A novel role for osteopontin in macrophage-mediated amyloid-ß clearance in Alzheimer's models.

Osteopontin (OPN), a matricellular immunomodulatory cytokine highly expressed by myelomonocytic cells, is known to regulate immune cell migration, communication, and response to brain injury.
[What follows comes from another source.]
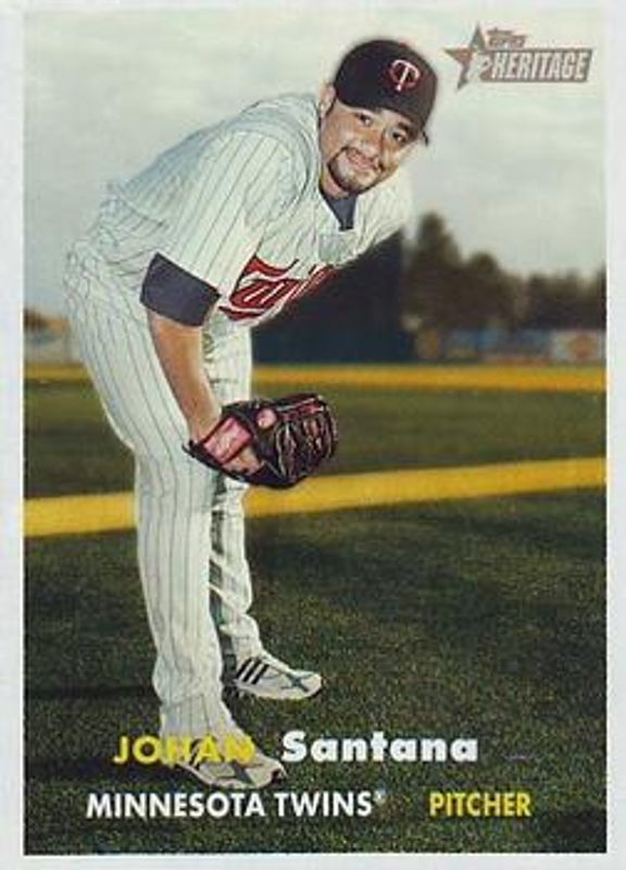 The Johan Santana 2006 Topps Heritage #367 Base card is 1 of 5 Johan Santana's card variations in the 2006 Topps Heritage set being tracked by Sports Card Investor, including Clubhouse Collection Relics, Chrome /1957, Chrome Refractor /557, and Chrome Black Refractor /57.

Enhanced cerebral recruitment of monocytes achieved through glatiramer acetate (GA) immunization or peripheral blood enrichment with bone marrow (BM)-derived CD115+ monocytes (MoBM) curbs amyloid ß-protein (Aß) neuropathology and preserves cognitive function in murine models of Alzheimer's disease (ADtg mice). To elucidate the beneficial mechanisms of these immunomodulatory approaches in AD, we focused on the potential role of OPN in macrophage-mediated Aß clearance. Here, we found extensive OPN upregulation along with reduction of vascular and parenchymal Aß burden in cortices and hippocampi of GA-immunized ADtg mice. Treatment combining GA with blood-grafted MoBM further increased OPN levels surrounding residual Aß plaques. In brains from AD patients and ADtg mice, OPN was also elevated and predominantly expressed by infiltrating GFP+- or Iba1+-CD45high monocyte-derived macrophages engulfing Aß plaques. Following GA immunization, we detected a significant increase in a subpopulation of inflammatory blood monocytes (CD115+CD11b+Ly6Chigh) expressing OPN, and subsequently, an elevated population of OPN-expressing CD11b+Ly6C+CD45high monocyte/macrophages in the brains of these ADtg mice. Correlogram analyses indicate a strong linear correlation between cerebral OPN levels and macrophage infiltration, as well as a tight inverse relation between OPN and Aß-plaque burden. In vitro studies corroborate in vivo findings by showing that GA directly upregulates OPN expression in BM-derived macrophages (MФBM). Further, OPN promotes a phenotypic shift that is highly phagocytic (increased uptake of Aß fibrils and surface scavenger receptors) and anti-inflammatory (altered cell morphology, reduced iNOS, and elevated IL-10 and Aß-degrading enzyme MMP-9). Inhibition of OPN expression in MФBM, either by siRNA, knockout (KOOPN), or minocycline, impairs uptake of Aß fibrils and hinders GA's neuroprotective effects on macrophage immunological profile. Addition of human recombinant OPN reverses the impaired Aß phagocytosis in KOOPN-MФBM. This study demonstrates that OPN has an essential role in modulating macrophage immunological profile and their ability to resist pathogenic forms of Aß.

Therapeutic effects of glatiramer acetate and grafted CD115⁺ monocytes in a mouse model of Alzheimer's disease.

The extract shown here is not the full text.